Este escenario ha tensionado la operativa de las empresas en un momento en el que los costes se han disparado con fuerza. El encarecimiento de la energía y del transporte ha superado el crecimiento de los ingresos, provocando una contracción de los márgenes, particularmente acusada en las compañías de transporte. Aun así, el informe refleja que el sector mantiene un buen comportamiento en términos de empleo, con más de 56.000 nuevos afiliados en marzo, una tasa de temporalidad en mínimos históricos del 7,5% y una mejora salarial por encima de la media nacional.
Las agencias, en la otra cara de la moneda
Sin embargo, ese impulso de la demanda convive con riesgos crecientes. El encarecimiento de los costes energéticos y del transporte, unido a la incertidumbre económica, está afectando a la renta disponible de familias y empresas, lo que puede traducirse en un retraimiento del consumo turístico. Exceltur estima que estos factores podrían restar hasta 1,9 puntos al PIB turístico, prácticamente neutralizando el efecto positivo del desvío de demanda. De hecho, algunos de estos efectos ya empiezan a ser visibles en el comportamiento de las agencias de viajes, que detectan una contracción de reservas, especialmente en el mercado emisor español.
La principal característica del momento actual es, en todo caso, la volatilidad. «El nivel de incertidumbre sobre las reservas y el comportamiento de los turistas es muy complejo de aproximar», ha reconocido Perelli, insistiendo en que los destinos españoles están sometidos a dinámicas opuestas. Aunque el corto plazo puede verse favorecido por el trasvase de viajeros desde zonas en conflicto, el sector es consciente de que la guerra introduce una importante carga de inestabilidad.

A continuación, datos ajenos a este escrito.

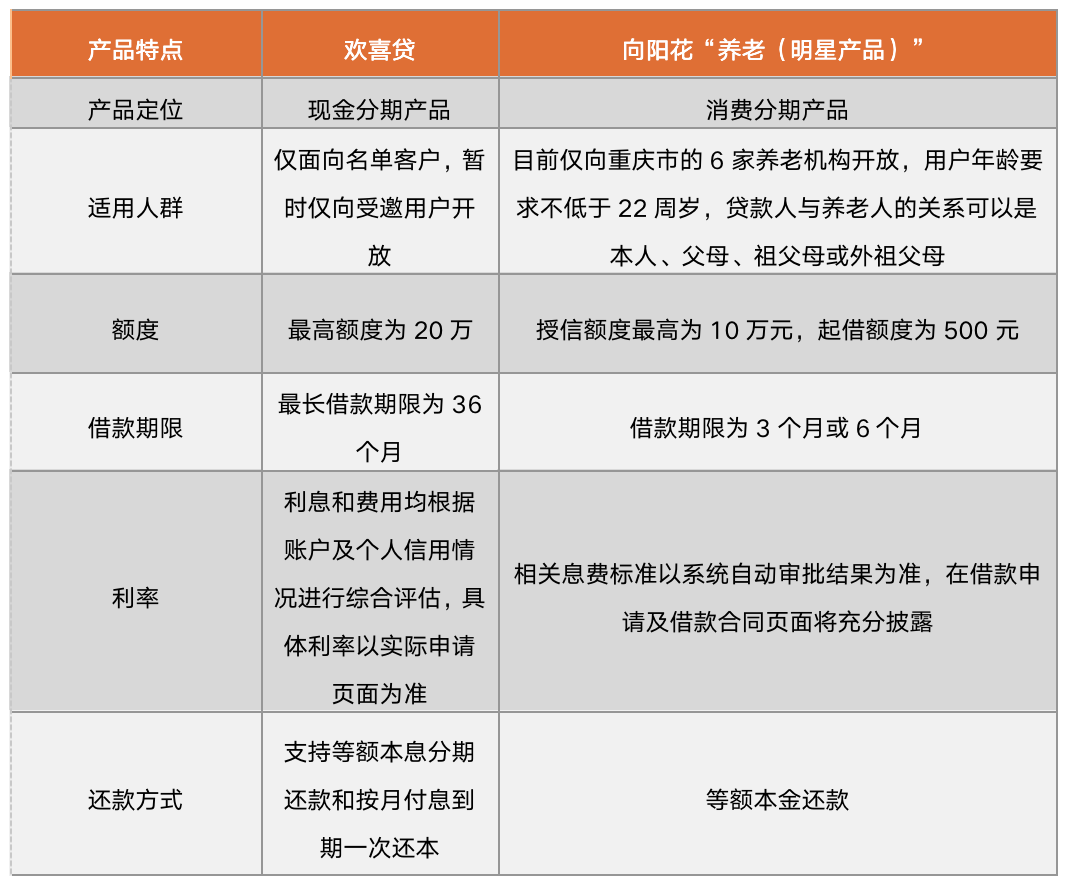 截至2021年11月,陽光消費金融僅有兩款產品:第一款是平臺開業初期便推出的現金分期產品“歡喜貸”;第二款是2021年5月推出的場景消費分期產品“向陽花”,該品類下還包括“養老(明星產品)”與“教育(高端晉升)”兩種產品。

«La guerra es el peor enemigo del turismo», ha recordado el especialista, alertando de que un escenario prolongado podría deteriorar rápidamente las perspectivas. Pese a ello, y bajo la hipótesis de que el conflicto tenga una duración limitada, Exceltur ha revisado ligeramente al alza sus previsiones y sitúa el crecimiento del PIB turístico en el 2,5% en 2026, por encima de lo estimado a comienzos de año y también del avance previsto para el conjunto de la economía española. De cumplirse este escenario, el turismo aportaría cerca del 16% del crecimiento total del país.